De la muerte de Jumande, para que sirva de enmienda y siembre el terror entre los indios, se hace todo un espectáculo macabro.  La mayor parte de los jefes de las regiones orientales sublevadas y de las comarcas quiteñas son traídos a la ciudad para que presencien los suplicios. Los españoles quieren que el sangriento suceso se grave en la memoria de la generación presente y perdure en las futuras.

Al final, la conquista y la consiguiente colonización, cimentadas con la sangre derramada y el sufrimiento indio, se consolida y puede cumplir sus objetivos primordiales.

Las riquezas pasan a manos de los conquistadores: minas de todas las clases y tierras con todos sus productos. Los antiguos dueños son inmisericordemente despojados. O mejor, expropiados.

Los antiguos señores se transforman en sirvientes: van a las mitas para morir en sus antros o para ser martirizados en obrajes o haciendas.  Son la mano de obra barata o gratuita para todos los quehaceres: cargadores, o mulas de todos los caminos, barredores de todos los poblados, lacayos de todo funcionario. Y las mujeres indias son las pongas o carne de placer para los párrocos rurales.

Siendo así el sufrimiento y el dolor se convierten en males permanentes.  El mismo rey tiene que prohibir en ocasiones las prácticas más sádicas y oprobiosas. En una Cédula de 1582 se pide a las autoridades coloniales que eviten que

los indios sean vendidos como esclavos y muertos  a azotes; que las mujeres mueran y revienten con las pesadas cargas; que vivan y duerman en los campos donde pacen y crían a sus hijos, mordidos de sabandijas ponzoñosas; que se ahorquen y tomen yerbas venenosas; que maten las madres a sus hijos para librarles de la tiranía de los encomenderos, para eximirles de los trabajos que padecían…[14]

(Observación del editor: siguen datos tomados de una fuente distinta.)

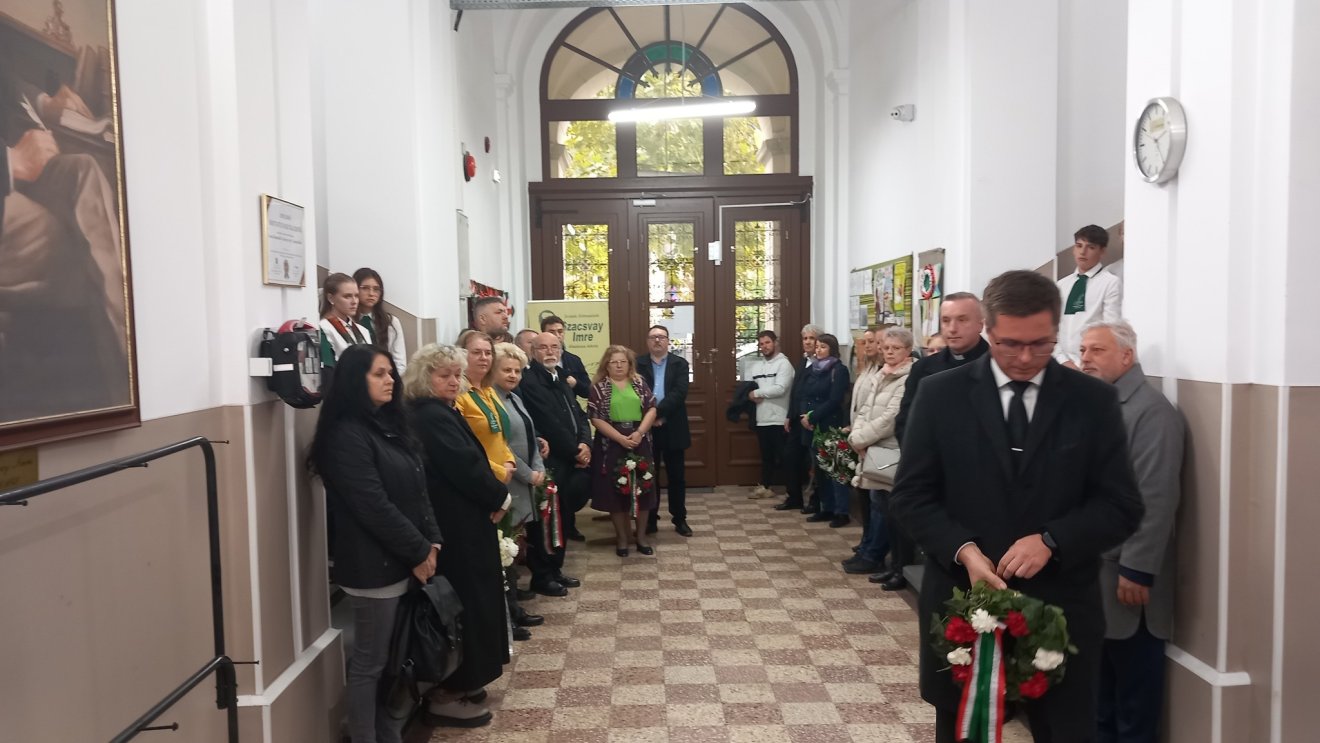 A házigazda tanintézmény nevében Vincze Melinda tanárnő köszöntötte az egybegyűlteket. Beszédében Kecse Gabriella tanfelügyelő, magyar szakos tanárnő azon meggyőződésének adott hangot, hogy Szacsvay Imre hős volt a szó legnemesebb értelmében, mégpedig az emberség, a hazaszeretet, az önfeláldozás és a magyarságtudat hőse. A mi feladatunk azonban nem az, hogy újabb hősöket „termeljünk” az utókor számára. Bloggerekből, influenszerekből, rapperekből és digitális tartalomkészítőkből is van már elég, nagy hiány van viszont az érző, értő, értéket teremtő emberekből. E téren kellene tehát inkább felzárkózniuk a mai fiataloknak azért, hogy önérzetes, a múltat nem feledő és ebből okuló felnőttekké váljanak. És annak érdekében, hogy egy olyan világban élhessenek, ahol nincs helye az önkényuralomnak, és nincs szükség ártatlan áldozatokra, hangsúlyozta a pedagógus.

Pero no hay rey ni cédula que puedan impedir los bárbaros hechos, y la barbarie, por tanto, permanece y se prolonga por siglos.

Todo sigue igual. Tiene razón el poeta César Dávila Andrade cuando dice:

Y a un Cristo, adrede, tam trujeron,
entre lanzas, banderas y caballos.
Y a su nombre, hicieron me agradecer el hambre,
la muerte y la desraza de mi raza.[15]

            Así, a nombre de Cristo, el tormento se prolonga por siglos. Las lanzas y caballos, el hambre y los azotes, nunca desaparecen.




JUSTIFICACIÓN DE LA CONQUISTA[16]


Todo conquistador trata de justificar su conquista para esconder o aminorar la explotación y desmanes que ejercen sobre los pueblos conquistados. Y para esto, la justificación más socorrida, es que se trata de gentes inferiores, cuyas costumbres y pensamiento, son sometidos a una crítica implacable a la par que inconsistente desde un punto de vista ético y científico.

Esto, desde muy antiguo. Ya Aristóteles en su conocido y célebre libro Política, habla de pueblos bárbaros, de pueblos esclavos por naturaleza, cuyo destino no es otro que el de ser conquistados y esclavizados para que trabajen y sirvan a los griegos, derecho justo dada su superioridad racial. Y esta tesis se difunde grandemente y sirve para la expansión de Roma.

De larga vida la tal tesis, llega a América con la espada de los conquistadores y la cruz de los misioneros. Y aquí, en algunos casos, se radicaliza al extremo de sostener que los indios americanos carecen de alma y no pertenecen a la especie humana. El Papa, para no amenguar la labor evangelizadora, tiene que intervenir y decir que si tienen alma y que por tanto son hombres.  Pablo III, en su bula Sublimis Deus –1537- tiene que declarar esto:

Nos, que aunque indignos, ejercemos en la tierra el poder de Nuestro Señor… consideramos sin embargo que los indios son verdaderos hombres y que no solo son capaces de entender la fe católica, sino que, de acuerdo con nuestras informaciones, se hallan deseosos de recibirla.[17]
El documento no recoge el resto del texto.